WILMINGTON — The city will reconsider a code amendment that is designed to weaken stormwater requirements for eligible redevelopment projects.
Though the amendment was initially presented to Wilmington’s Planning Commission in July, it has been continued twice. This time around, the changes appear to weaken existing requirements for eligible projects more than initially proposed.
RELATED: City to consider striking stormwater regulations to incentivize redevelopment
The changes
Designed to incentivize redevelopment, the proposed amendment applies to projects that plan to add 10,000 or more square feet of impervious surface area to a site. Impervious surfaces, like most roads, roofs, and sidewalks, do not allow stormwater to filter naturally through the ground.
When these surfaces exceed 10 percent of an area, water quality in surrounding streams and lakes is negatively impacted, according to the Create Wilmington Comprehensive Plan. As of 2016, about 28 percent of Wilmington’s total surface area is covered by impervious surfaces.
When a redevelopment project proposes to add 10,000 or more square feet, the proposed amendment would change the following:
- Strike the requirement for developers to bring their project into full compliance when new impervious surfaces – including redeveloped surfaces where impervious surfaces already existed – are proposed to be added to 50 or more percent of the total site.

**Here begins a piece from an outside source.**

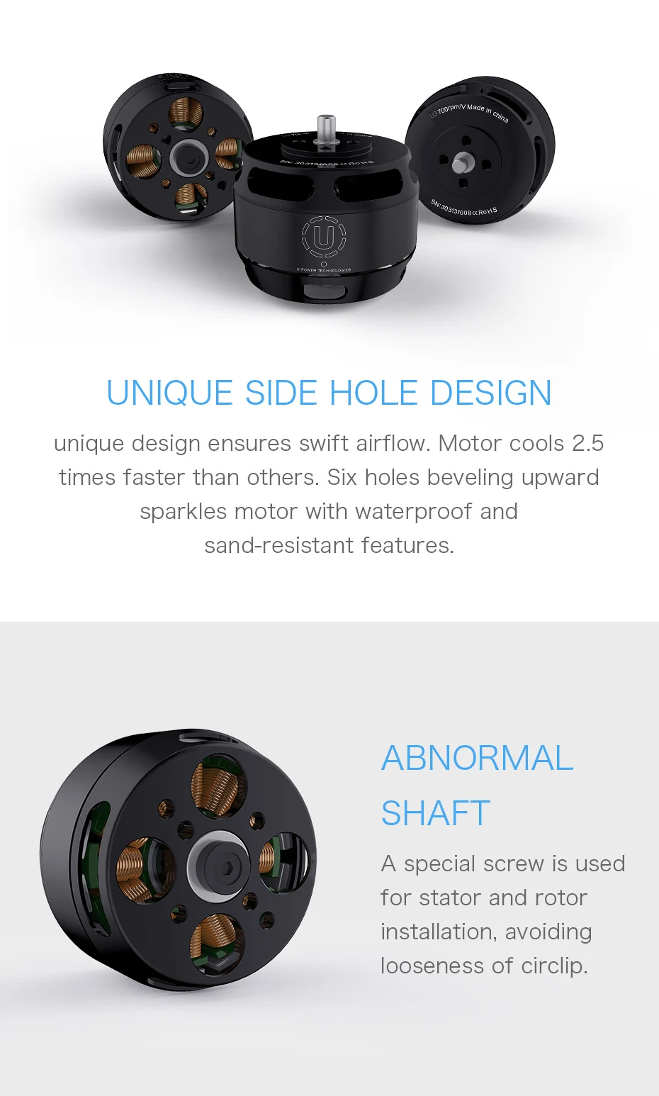 T-MOTOR U3 2023 hot sale high performance precision direct drive servo fast drone 700kv kit motor.

- Strike the requirement for redevelopment projects to fully treat water quality volume. Instead, the projects would be required to provide 50 percent of the water quality treatment volume required for all newly constructed impervious surface area, not covered by a roof.

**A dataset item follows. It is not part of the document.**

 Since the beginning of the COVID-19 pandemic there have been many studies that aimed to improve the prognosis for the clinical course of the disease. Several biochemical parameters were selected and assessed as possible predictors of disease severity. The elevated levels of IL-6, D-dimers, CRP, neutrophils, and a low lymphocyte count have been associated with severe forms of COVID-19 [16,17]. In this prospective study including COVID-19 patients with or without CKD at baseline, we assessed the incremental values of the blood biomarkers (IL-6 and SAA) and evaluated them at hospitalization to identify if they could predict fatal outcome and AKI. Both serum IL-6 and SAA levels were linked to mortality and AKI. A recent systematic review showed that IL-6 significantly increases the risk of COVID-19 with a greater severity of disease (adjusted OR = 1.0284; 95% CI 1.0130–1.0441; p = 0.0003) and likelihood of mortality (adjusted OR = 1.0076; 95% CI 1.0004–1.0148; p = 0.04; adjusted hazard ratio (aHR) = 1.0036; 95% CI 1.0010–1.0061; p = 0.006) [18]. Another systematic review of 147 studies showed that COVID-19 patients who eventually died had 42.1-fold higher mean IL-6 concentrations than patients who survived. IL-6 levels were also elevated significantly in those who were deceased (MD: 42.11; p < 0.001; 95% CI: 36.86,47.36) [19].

Since the amendment was first proposed in July, changes to Section 18-760 (c) – the latter strikeout – have been made more drastic. In other words, eligible redevelopment projects will be held to weaker stormwater requirement standards than they are now.

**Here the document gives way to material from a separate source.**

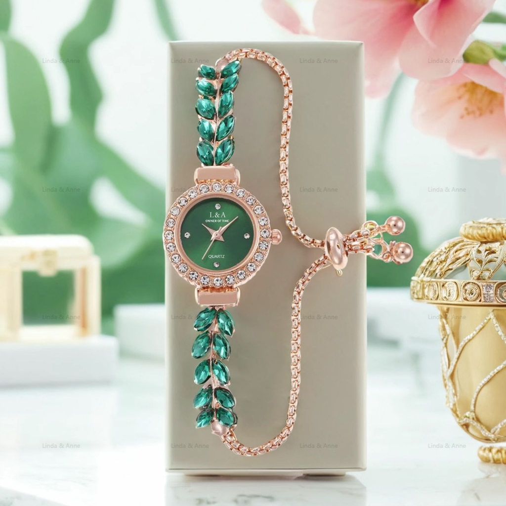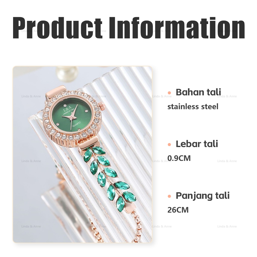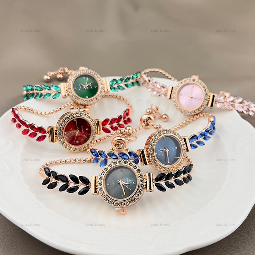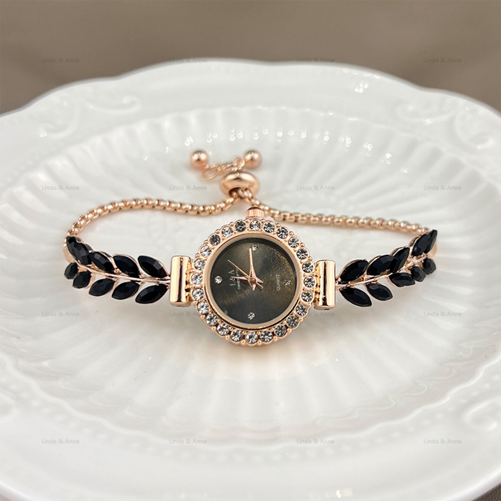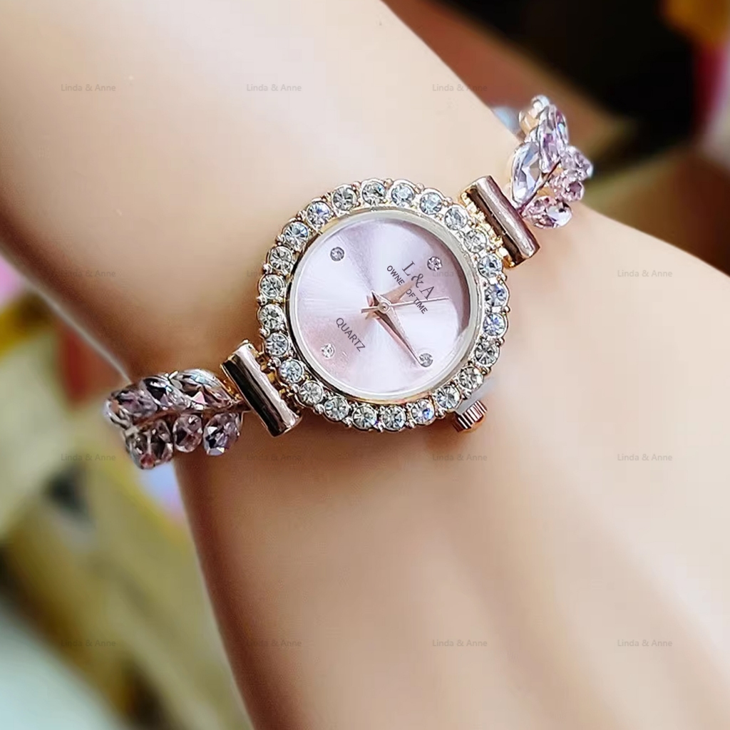 Beranda » Produk » L&A – Jam Tangan Wanita Serut Mewah Motif Bunga Aksen Permata Analog Wrist Watch Fashion

Introduced in 2009 to benefit water quality, Wilmington’s senior planner Christine Hughes said the amendments have had unintended challenges. Though the city wishes to incentivize redevelopment, it has done the opposite with the code in question, Hughes said.
Wilmington’s plan review engineer, Rob Gordon, told the Commission in July that developers saw the city’s 50 percent new impervious surface area requirement as a barrier.
“It became cumbersome,” Gordon said. “It didn’t achieve the intended outcome.”
By eliminating the 50-percent threshold requirement, only the redeveloped portion of the site and not a full site would have to come into compliance, the city’s revised staff report states.
Mixed feedback
When Hughes first presented the changes in July, she received mixed feedback.
All public speakers raised concerns, citing how code changes would grant leniency to developers and could strain nearby waterways.
However, Richard Collier, the Commission’s vice chairman, indicated the proposed changes didn’t have enough teeth. Collier said the changes wouldn’t incentivize developers enough and that he wouldn’t vote on it without reviewing an accompanying stormwater redevelopment policy.
“We need to be able to incentivize theses folks to redevelop these sites,” Collier said. “I think we need to try something different.”
On Wednesday, Planning Commission will hear the redevelopment amendment for the third time. Though a stormwater redevelopment policy was initially planned to accompany the amendment, Hughes said it’s no longer associated with the changes.
The Planning Commsion meets Wednesday, September 5, in City Hall at 6 p.m.